*** Block opens ***
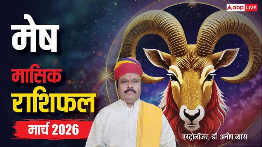 Mesh March horoscope 2026: ज्योतिष के अनुसार ग्रहों की स्थिति के आधार पर किसी राशि के बारे में जाना जाता है. ग्रहों की स्थिति हर माह अलग-अलग होती है. आइए मासिक राशिफल में जानते हैं,मार्च (March 2026) का महीना मेष राशि वालों के लिए कैसा रहेगा (Mesh Monthly Horoscope).
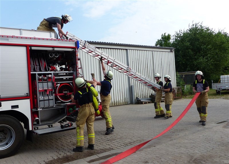 Im Anschluss beschäftigten wir uns mit der Atemschutzüberwachung, der Atemschutznotfalltasche und verschiedener Möglichkeiten eines effizienten Schlauchmanagements. In zwei kurzen Fallbeispielen wurden anschließend die ersten Minuten eines Brandeinsatzes trainiert. Im Fokus standen hier die verschiedenen Aufgaben der einzelnen Trupps des Löschfahrzeugs, sowie die richtige Beurteilung der vorhandenen Lage. Ein gemeinsames Abendbrot unter freien Himmel bildete den Abschluss der Ausbildungseinheit.
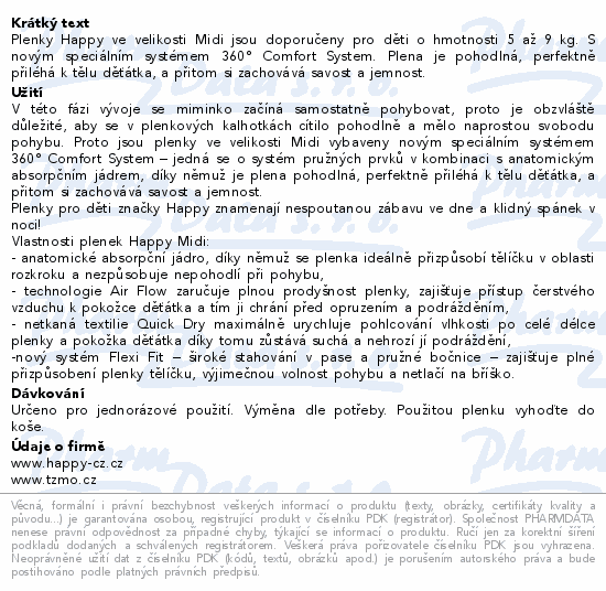 Plenky Happy ve velikosti Midi jsou doporučeny pro děti o hmotnosti 5 až 9 kg. S novým speciálním systémem 360° Comfort System. Plena je pohodlná, perfektně přiléhá k tělu děťátka, a přitom si zachovává savost a jemnost.
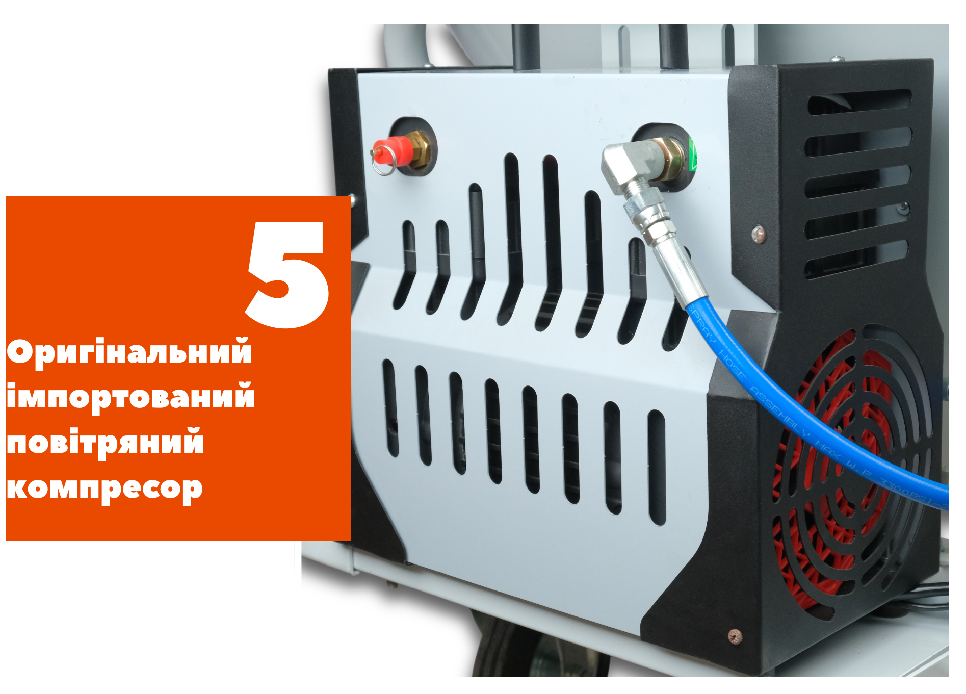 Оригінальний імпортований повітряний компресор з великим ресивером забезпечує стабільну подачу повітря, рівномірне розпилення та високу якість виконання робіт.
*** Block closes ***
• **Aim of the exercise**: Keep the pictures out of your answer, which should be the lines from the one with "Im Anschluss beschäftigten" through the final line of the data, copied exactly.

• **Output below**:
 Im Anschluss beschäftigten wir uns mit der Atemschutzüberwachung, der Atemschutznotfalltasche und verschiedener Möglichkeiten eines effizienten Schlauchmanagements. In zwei kurzen Fallbeispielen wurden anschließend die ersten Minuten eines Brandeinsatzes trainiert. Im Fokus standen hier die verschiedenen Aufgaben der einzelnen Trupps des Löschfahrzeugs, sowie die richtige Beurteilung der vorhandenen Lage. Ein gemeinsames Abendbrot unter freien Himmel bildete den Abschluss der Ausbildungseinheit.
 Plenky Happy ve velikosti Midi jsou doporučeny pro děti o hmotnosti 5 až 9 kg. S novým speciálním systémem 360° Comfort System. Plena je pohodlná, perfektně přiléhá k tělu děťátka, a přitom si zachovává savost a jemnost.
 Оригінальний імпортований повітряний компресор з великим ресивером забезпечує стабільну подачу повітря, рівномірне розпилення та високу якість виконання робіт.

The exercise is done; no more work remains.